▸ TASK INPUTS:
┌────────
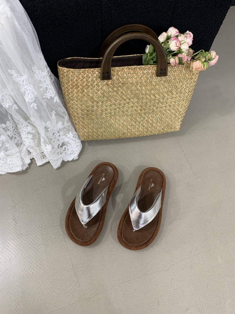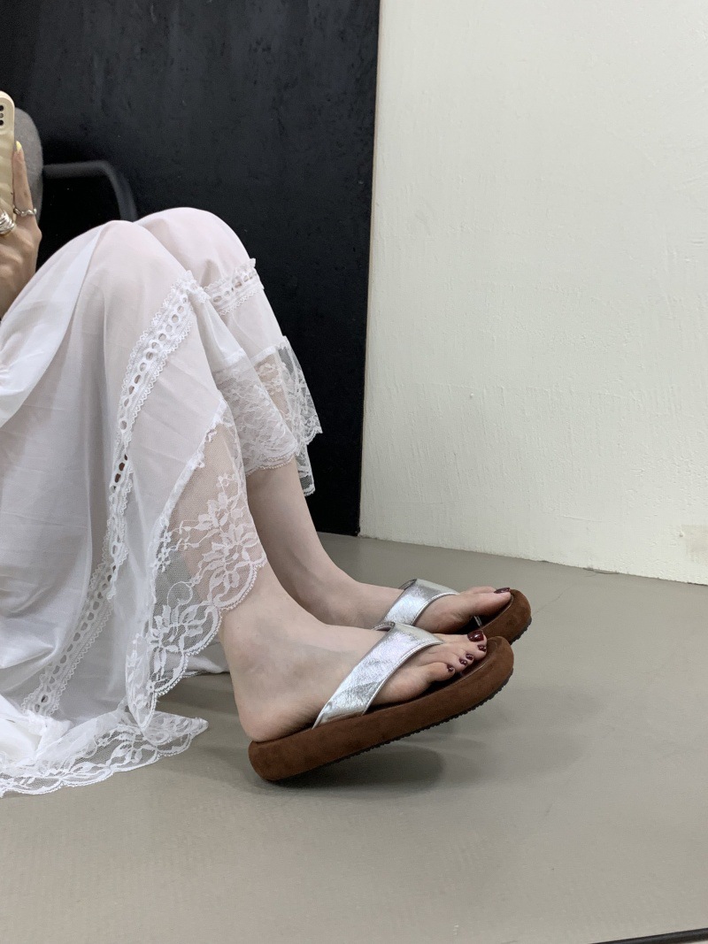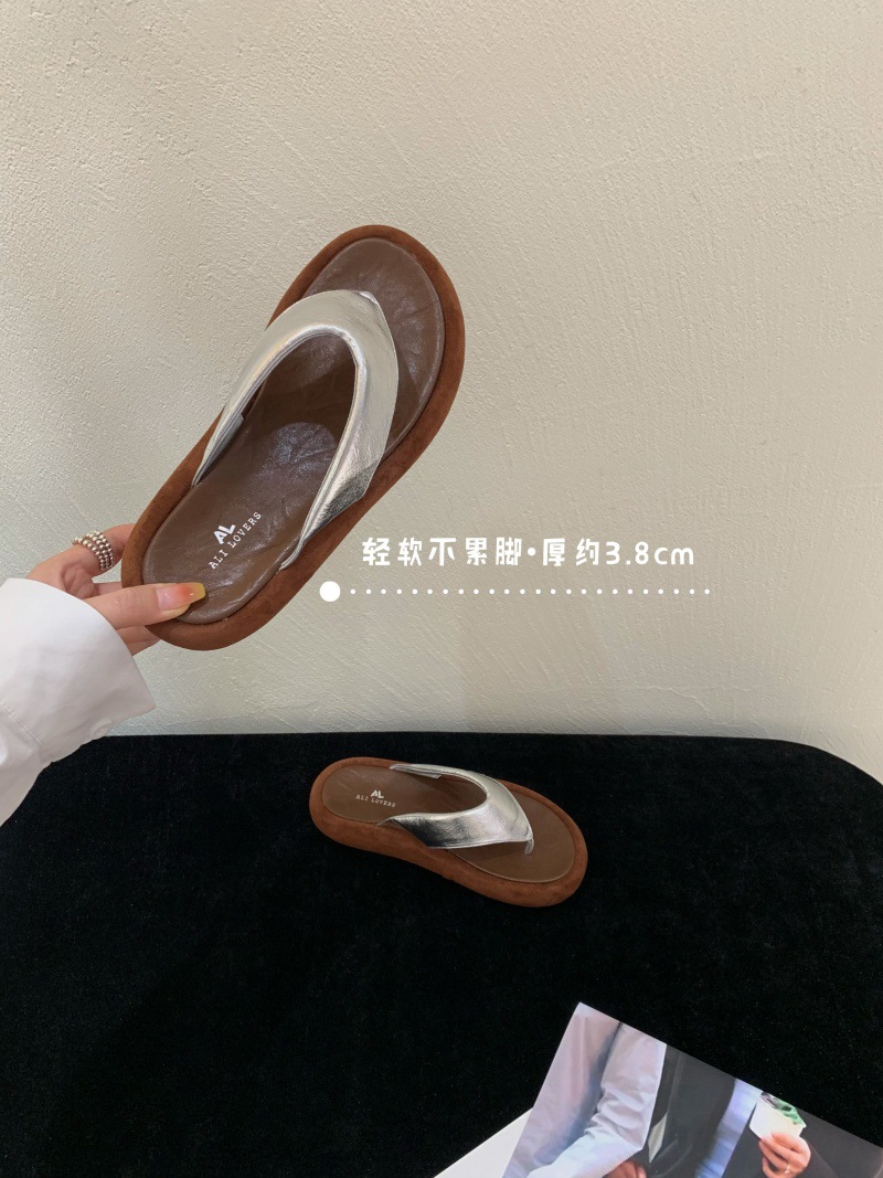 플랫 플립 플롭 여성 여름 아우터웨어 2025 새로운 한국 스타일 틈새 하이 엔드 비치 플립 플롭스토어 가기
└────────
┌────────
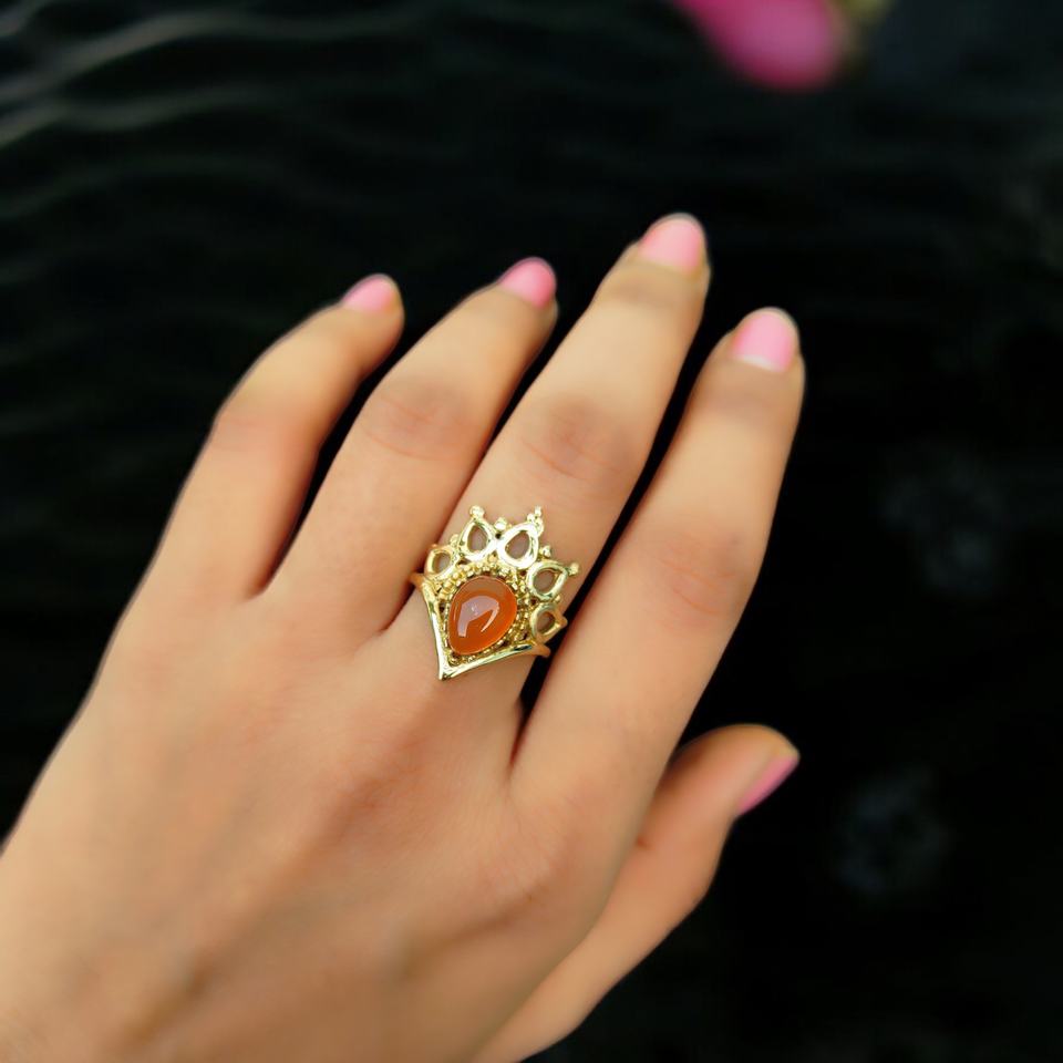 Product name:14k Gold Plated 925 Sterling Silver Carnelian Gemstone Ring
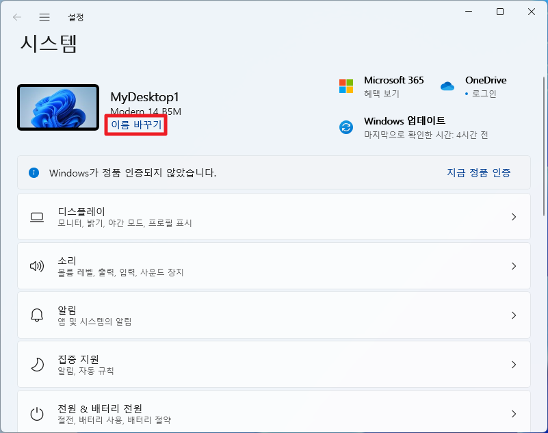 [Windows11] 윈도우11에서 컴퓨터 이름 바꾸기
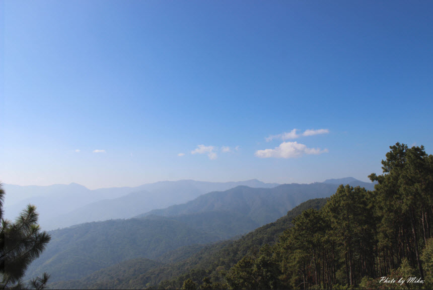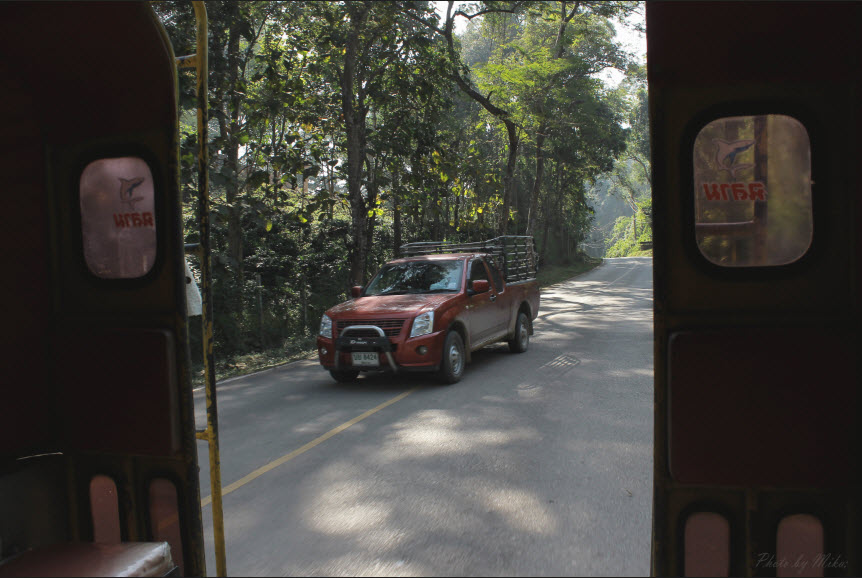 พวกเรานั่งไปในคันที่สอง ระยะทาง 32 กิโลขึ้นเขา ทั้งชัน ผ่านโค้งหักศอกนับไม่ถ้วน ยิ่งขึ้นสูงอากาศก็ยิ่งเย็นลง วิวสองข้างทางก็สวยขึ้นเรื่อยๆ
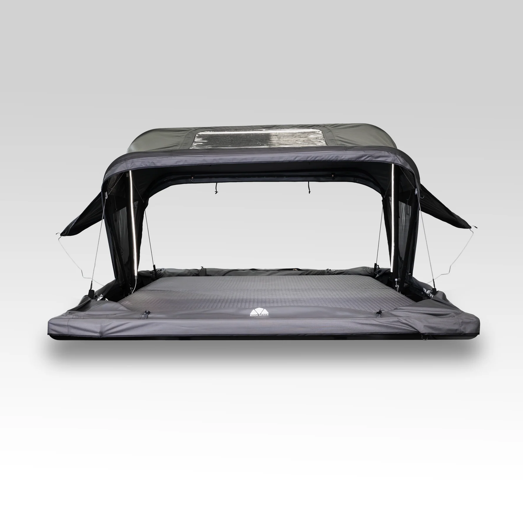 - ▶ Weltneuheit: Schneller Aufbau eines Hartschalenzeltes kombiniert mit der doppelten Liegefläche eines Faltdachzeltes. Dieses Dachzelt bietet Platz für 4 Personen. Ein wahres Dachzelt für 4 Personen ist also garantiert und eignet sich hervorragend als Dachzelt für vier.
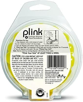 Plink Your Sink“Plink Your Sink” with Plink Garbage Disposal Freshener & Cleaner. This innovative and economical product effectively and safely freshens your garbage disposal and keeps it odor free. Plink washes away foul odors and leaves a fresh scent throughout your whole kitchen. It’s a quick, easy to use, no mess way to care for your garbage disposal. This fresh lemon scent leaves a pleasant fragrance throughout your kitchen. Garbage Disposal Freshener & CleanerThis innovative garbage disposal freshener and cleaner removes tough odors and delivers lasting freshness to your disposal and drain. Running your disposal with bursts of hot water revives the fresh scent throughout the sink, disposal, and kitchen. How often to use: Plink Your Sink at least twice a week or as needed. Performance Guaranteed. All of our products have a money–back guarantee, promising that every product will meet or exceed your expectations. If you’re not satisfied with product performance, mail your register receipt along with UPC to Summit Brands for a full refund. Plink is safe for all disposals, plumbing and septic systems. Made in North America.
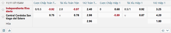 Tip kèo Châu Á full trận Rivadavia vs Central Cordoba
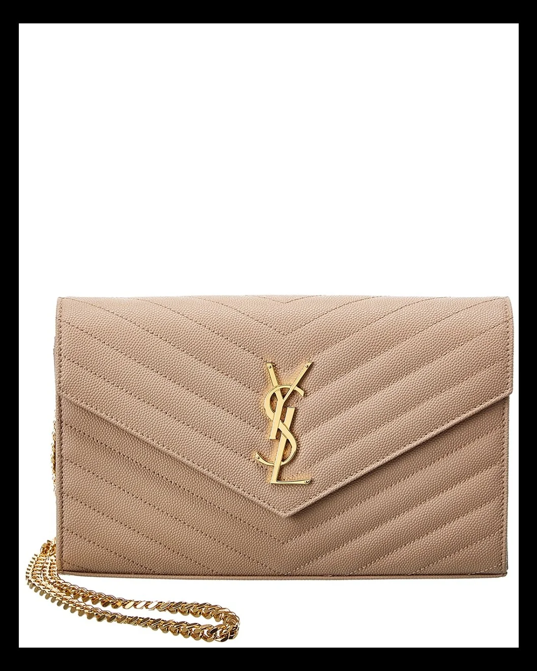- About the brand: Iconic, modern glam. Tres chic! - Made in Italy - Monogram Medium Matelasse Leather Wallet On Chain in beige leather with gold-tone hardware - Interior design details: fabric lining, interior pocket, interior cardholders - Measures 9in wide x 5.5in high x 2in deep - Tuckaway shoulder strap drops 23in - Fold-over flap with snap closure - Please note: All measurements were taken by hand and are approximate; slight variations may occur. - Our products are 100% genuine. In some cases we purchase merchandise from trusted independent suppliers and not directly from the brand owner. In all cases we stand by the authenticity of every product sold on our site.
└────────
┌────────
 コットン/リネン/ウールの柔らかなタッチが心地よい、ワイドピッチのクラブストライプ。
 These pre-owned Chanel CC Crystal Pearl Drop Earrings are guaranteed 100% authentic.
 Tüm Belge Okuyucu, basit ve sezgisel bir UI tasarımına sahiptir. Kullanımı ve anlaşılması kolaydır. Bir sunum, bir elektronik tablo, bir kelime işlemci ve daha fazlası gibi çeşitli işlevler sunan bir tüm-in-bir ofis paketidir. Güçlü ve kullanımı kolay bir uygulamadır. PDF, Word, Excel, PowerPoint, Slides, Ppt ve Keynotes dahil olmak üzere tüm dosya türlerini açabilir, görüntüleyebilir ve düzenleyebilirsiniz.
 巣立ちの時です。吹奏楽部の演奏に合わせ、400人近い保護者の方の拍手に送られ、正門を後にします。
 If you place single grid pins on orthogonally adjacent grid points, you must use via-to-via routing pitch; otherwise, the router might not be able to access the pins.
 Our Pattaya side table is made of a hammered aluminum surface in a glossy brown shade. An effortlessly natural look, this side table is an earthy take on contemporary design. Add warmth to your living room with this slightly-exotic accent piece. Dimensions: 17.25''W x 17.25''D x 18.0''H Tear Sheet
└────────
▸ WORK TO BE COMPLETED: Would you please reproduce the entries above, starting at the line with "in North America." and stopping after the line with "- About the"? Omit any pictures.

▸ COMPLETED TASK:
 Plink Your Sink“Plink Your Sink” with Plink Garbage Disposal Freshener & Cleaner. This innovative and economical product effectively and safely freshens your garbage disposal and keeps it odor free. Plink washes away foul odors and leaves a fresh scent throughout your whole kitchen. It’s a quick, easy to use, no mess way to care for your garbage disposal. This fresh lemon scent leaves a pleasant fragrance throughout your kitchen. Garbage Disposal Freshener & CleanerThis innovative garbage disposal freshener and cleaner removes tough odors and delivers lasting freshness to your disposal and drain. Running your disposal with bursts of hot water revives the fresh scent throughout the sink, disposal, and kitchen. How often to use: Plink Your Sink at least twice a week or as needed. Performance Guaranteed. All of our products have a money–back guarantee, promising that every product will meet or exceed your expectations. If you’re not satisfied with product performance, mail your register receipt along with UPC to Summit Brands for a full refund. Plink is safe for all disposals, plumbing and septic systems. Made in North America.
 Tip kèo Châu Á full trận Rivadavia vs Central Cordoba
- About the brand: Iconic, modern glam. Tres chic! - Made in Italy - Monogram Medium Matelasse Leather Wallet On Chain in beige leather with gold-tone hardware - Interior design details: fabric lining, interior pocket, interior cardholders - Measures 9in wide x 5.5in high x 2in deep - Tuckaway shoulder strap drops 23in - Fold-over flap with snap closure - Please note: All measurements were taken by hand and are approximate; slight variations may occur. - Our products are 100% genuine. In some cases we purchase merchandise from trusted independent suppliers and not directly from the brand owner. In all cases we stand by the authenticity of every product sold on our site.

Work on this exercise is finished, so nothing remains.